Treasures of the Sons of Heaven

September 01, 2003

To introduce traditional cultural treasures to a wider audience,
the National Palace Museum in Taipei has been working on
exhibitions for its rare artifacts in more countries, starting
with an ongoing exhibit in Germany.

In late June, the staffers of Taipei's National Palace Museum were busy packing artifacts for an exhibition in Berlin's Altes Nationalgalerie (Old National Gallery), the latest stop for a collection that has already made one of the most remarkable journeys in history. The storied treasures that once resided in the Beijing's Forbidden City, the seat of Ching Dynasty emperors, are being sent to Germany as part of a new campaign to popularize the museum's extraordinary cultural artifacts.

Entitled "Treasures of the Sons of Heaven: The Imperial Collection from the National Palace Museum," the artifacts will be exhibited in Berlin from July to October, and then at the Kunst-und Ausstellungshalle der Bundesrepublik Deutschland (Art and Exhibition Hall of the Federal Republic of Germany) in Bonn from November to February.

The exhibitions, which aim to promote cultural exchanges between Taiwan and Germany, will also provide the opportunity for visitors from Germany's neighboring countries, such as Belgium and France, to make the trip to see the world's foremost collection of Chinese art. Related artistic and academic activities, such as conferences and educational seminars, will also be held during the exhibition. The National Science Council, for example, will host academic conferences on Chinese art history in Bonn.

The exhibit, which comprises 400 items, features paintings and calligraphy, porcelain, ancient ritual bronzes, carved jade, seals, and rare book prints that have never been shown outside Taiwan. There are also cloisonné enamels, woodcarvings, tapestries and works of embroidery, and lacquer. The items are divided into five categories depending on when each item was produced: the Neolithic period (ca. 8000-3000 B.C.) to the Tang Dynasty (A.D. 618-907), the Five Dynasties (907-959) to the Sung Dynasty (960-1279), the Yuan Dynasty (1279-1368), the Ming Dynasty (1368-1644), and the Ching Dynasty (1644-1911). Selected by German cultural officials, these items are only a small part of the National Palace Museum's "Imperial Collection."
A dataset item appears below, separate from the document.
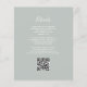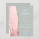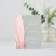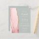 The left-hand edge of this elegant modern wedding invitation features a blush pink watercolor agate border trimmed with faux gold glitter. The customisable text combines white handwriting, copperplate and italic fonts on a pale sage green background. The reverse side provides space for wedding details on a solid sage green background, along with a QR code guests can scan to visit your website and RSVP, which saves the cost of printing and mailing separate RSVP
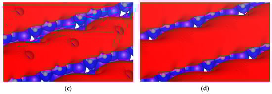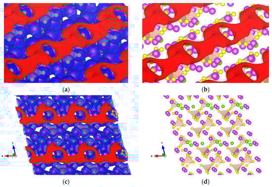 Isopotential surfaces of Li7P2S8I, separated between negative (red) and positive (blue) regions. Positive isopotential remains constant at +0.5 V, and negative isopotentials are (a) −3.8; (b) −3.6; (c) −3.5; and (d) −3.4 V.

In China's long history, emperors and royal families were often aggressive and powerful art collectors. Many pieces in the emperors' art collection were lost or destroyed during changes of dynasty or in the chaos of civil upheaval, but many others were passed down from generation to generation, kept in the palace, and hidden from those outside the court. It was not until the fall of China's last dynasty, the Ching, in 1911 that commoners were allowed to enter Beijing's Forbidden City, where the collection was housed, and view the treasures that were once reserved only for the eyes of the emperor and his courtiers.

The public's access to the collection, however, was brief. In 1933, the treasures were moved out of the Forbidden City, which had been renamed the National Palace Museum in 1925 to reflect the new republican spirit in China after the overthrow of the last dynasty and founding of the Republic of China. Civil war and foreign invasion soon threatened the collection, however. To protect it from destruction and plunder from the Japanese imperial forces, the collection made a 16,000-kilometer journey around China.

In 1949, when the Nationalist government moved to Taiwan, it brought with it as much of the collection as it could. To protect the artifacts from a potential attack from the Chinese Communists, the collection was first stored in a tunnel in Taichung, in central Taiwan. Finally in 1965, the artworks were given their present home at the National Palace Museum in northern Taipei.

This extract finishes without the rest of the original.